Il est exactement 08:49 du matin, fuseau CEST, lorsque mon pied gauche frappe le sommet des 4810mètres du Mont-Blanc.
J’ai quitté le campement 1650m plus bas il y a maintenant 5h, me donnant ainsi un rythme d’à peu près 330m de dénivelé à l’heure. “Ce qui est bien, mais pas top” comme disent les jeunes trentenaires.
J’aimerais pouvoir sourire, mais les 70km/h de vent passent leur temps à me catapulter de petits grumeaux de neige dans la figure. À la place je décide de mettre genou à terre et j’admire les multiples vallées qui m’entourent, à moitié couvertes par les nuages, contemplant ainsi ce que je viens de réaliser.
Il y a à peine 6 mois, 177 jours pour être exact, je quittais mon domicile avec un objectif simple en tête : grimper seul et sans assistance le point culminant de chaque pays Européen, tout en ramassant les déchets trouvés sur leurs pentes afin de sensibiliser les gens à la pollution en montagne.

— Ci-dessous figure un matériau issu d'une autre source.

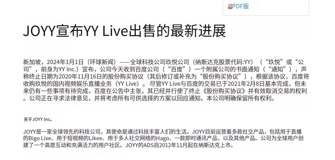 到了2024年1月,百度正式发布公告,宣布将终止对YY直播的股权收购协议。

Le Mont-Blanc représentait le dernier de ces 48 sommets.
Sommet du Mont-Blanc
Bien qu’ayant grandi dans différents endroits et différents pays, ayant besoin de changer de maison une année sur quatre, les montagnes ont toujours été là pour moi, hiver comme été. Pour le ski comme pour la randonnée, pour l’escalade comme pour le parapente. Et j’ai toujours été abasourdi par l’attitude qu’une poignée de gens pouvait avoir vis-à-vis du plaisir des autres et de la beauté des lieux, en jetant nonchalamment leurs détritus par terre.

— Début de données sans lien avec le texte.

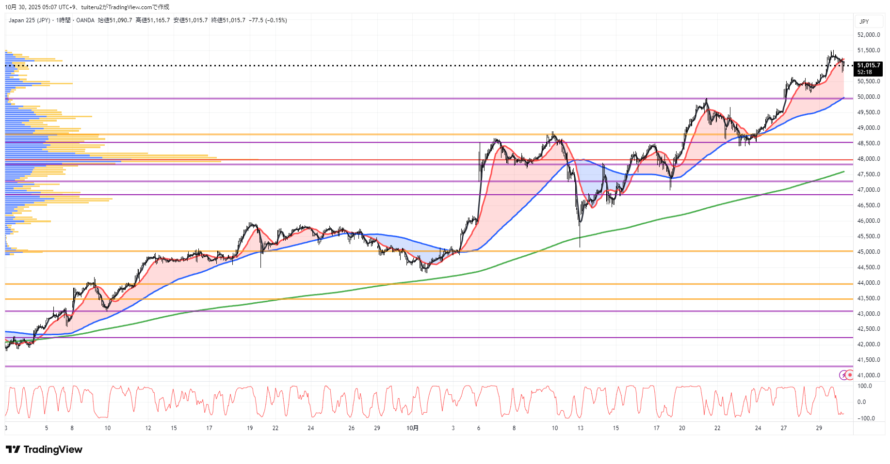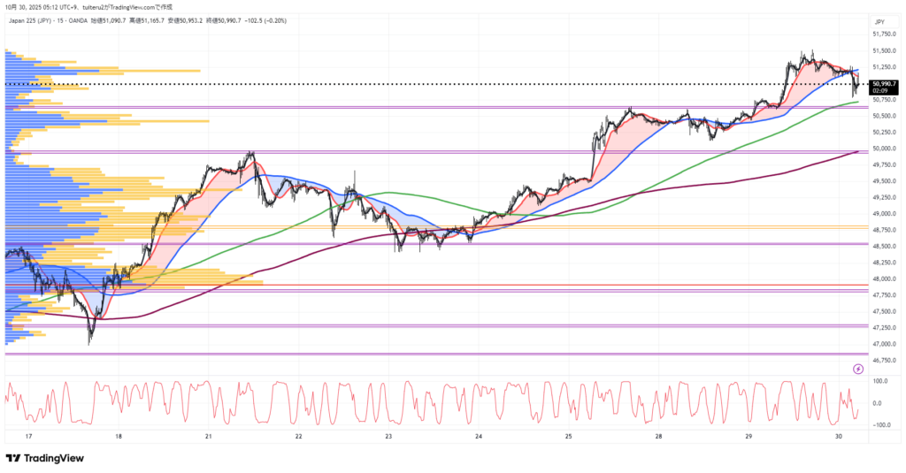 OANDAの『JP225』の 朝5:30時点 の 環境認識 と エントリーシナリオ です。

Cela reste aujourd’hui encore et toujours une question existentielle : comment une personne peut-elle prétendre aimer la nature et la traiter comme une poubelle? Si de telles personnes dédaignent se rendre compte de l’impact environnemental d’un geste aussi basique, quelles autres actions prennent-ils par la suite?
De tout les gestes qui peuvent être fait pour la planète, ne pas jeter son papier par terre est le plus simple.
C’est donc tout naturellement que m’est venue cette idée de grimper le point culminant de chaque pays Européen tout en les nettoyant de leur déchets.
“Une super façon de montrer que l’on peut atteindre des sommets sans pour autant laisser de poubelles derrière » me suis-je dis « peut importe la taille de la montagne, le nombre de jours que cela prend, ou les conditions météo ». « Si un être aussi fébrile que le mien peut ramasser les poubelles des autres tout en gravissant des cimes, alors n’importe qui peut le faire ».
Un Périple
Seul sur un glacier Islandais
Je dois l’avouer, ce fut un sacré périple. Une aventure à la hauteur de mes espérances. Un rêve qui se réalise. Un objectif qui s’atteint. Et puis de nombreuses batailles physique et mentale contre la solitude, contre le froid, contre le mal des montagnes, contre l’isolement, contre le délaissement, contre la réclusion, contre l’abandonnement, contre la séduction de ces thébaïde enneigés.
- Devoir gravir les sommets d’Europe de l’Est en style hivernal (et laissez moi vous dire quelque chose : la Bosnie-Herzegovine n’est pas le genre d’endroit où vous voulez être pris dans une avalanche).
- Me surpasser pour parcourir en un seul jour les 58km et les 1400m de dénivelé enneigés qu’offre le Kebnekaise en Suède.
- Gravir l’Elbrouz directement depuis Azau en une seule journée et arpenter 3300m de dénivelé sans s’arrêter.
- Ne pouvoir compter que sur moi-même pour traverser les glaciers peuplés de crevasses en Suisse ou en Islande.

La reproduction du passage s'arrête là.